Knowing you for 11 years, I tell you this:  y’all are fine.  A few mistakes here, some great things there, you’re fine.  I send you with a charge for this next year to worry slightly less about your own soul –you’re fine- and much more for the soul of America.  I call on you to speak out against hatred as an overt act of patriotism, as a Jewishly mandated sacred obligation, -a mitzvah- to make the world a better place.  You must call out these people, shut them down, tell them they are wrong.  There is no reason to be so open minded as to let the enemies of the glory of America run free.
I offer you a quote from a man I didn’t always agree with but whose heart was always in the right place.  Can you guess who?
 “I've spoken of the shining city all my political life, but I don't know if I ever quite communicated what I saw when I said it. But in my mind it was a tall, proud city built on rocks stronger than oceans, windswept, God-blessed, and teeming with people of all kinds living in harmony and peace; a city with free ports that hummed with commerce and creativity. And if there had to be city walls, the walls had doors and the doors were open to anyone with the will and heart to get there. That's how I saw it, and see it still.” President Reagan’s farewell address of 1989.
You can say what you want about President Reagan and I’m sure I did back then but I never questioned his belief in this place and his belief that he was doing the very best he could to uplift his country, his people.
Isaiah spurs you on to toss aside feel good piety and do what is needed to better your world.  President Reagan, to name just one, used his oratory to dig deep and work hard for the betterment of our nation.  We are all called to do that every day and we must never give up on that call.
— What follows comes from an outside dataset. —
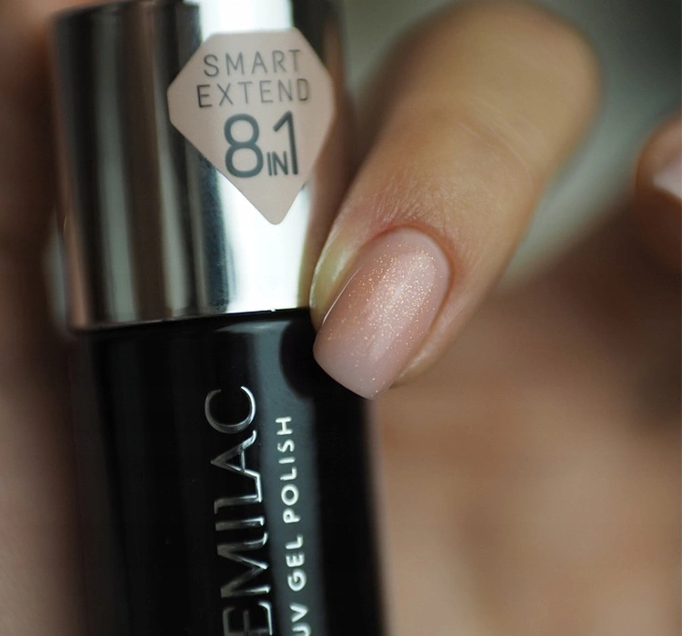 Mehrzweck-Hybridlack 8in1 Semilac Smart Extend 804 Glitter Soft Beige gleicht die natürliche Nagelplatte effektiv aus, kaschiert kleine Unebenheiten und Unvollkommenheiten. Dadurch schafft er die perfekte Grundlage für weiteres Design und verstärkt die Tiefe und Intensität der Endfarbe. Die farbige Basis Semilac Smart Extend 8in1 kann sowohl allein für ein sanftes, natürliches Aussehen verwendet werden, als auch als Grundlage für weitere Hybridprodukte – sei es Farbe, klassisches French oder modische Baby Boomer- oder dekorative Topcoats, die den Nägeln einen besonderen Charakter verleihen.

That is our fast, that is what we are charged to do not in a theoretical manner but in real world conversations and confrontations.  We will keep this country as a shining city on a hill and not give in to bigotry.  We will fast the fast of justice and righteousness.  We must never give up on that.  We will never give up on that.  And when we do that, when we defend and extend liberty and justice for all, then and only then can we honestly ask God to bless America.


[1] Isaiah 58:1-14
[2] “You will not replace us” by Thomas Chatterton Williams, The New Yorker, December 4, 2017, p. 24-30.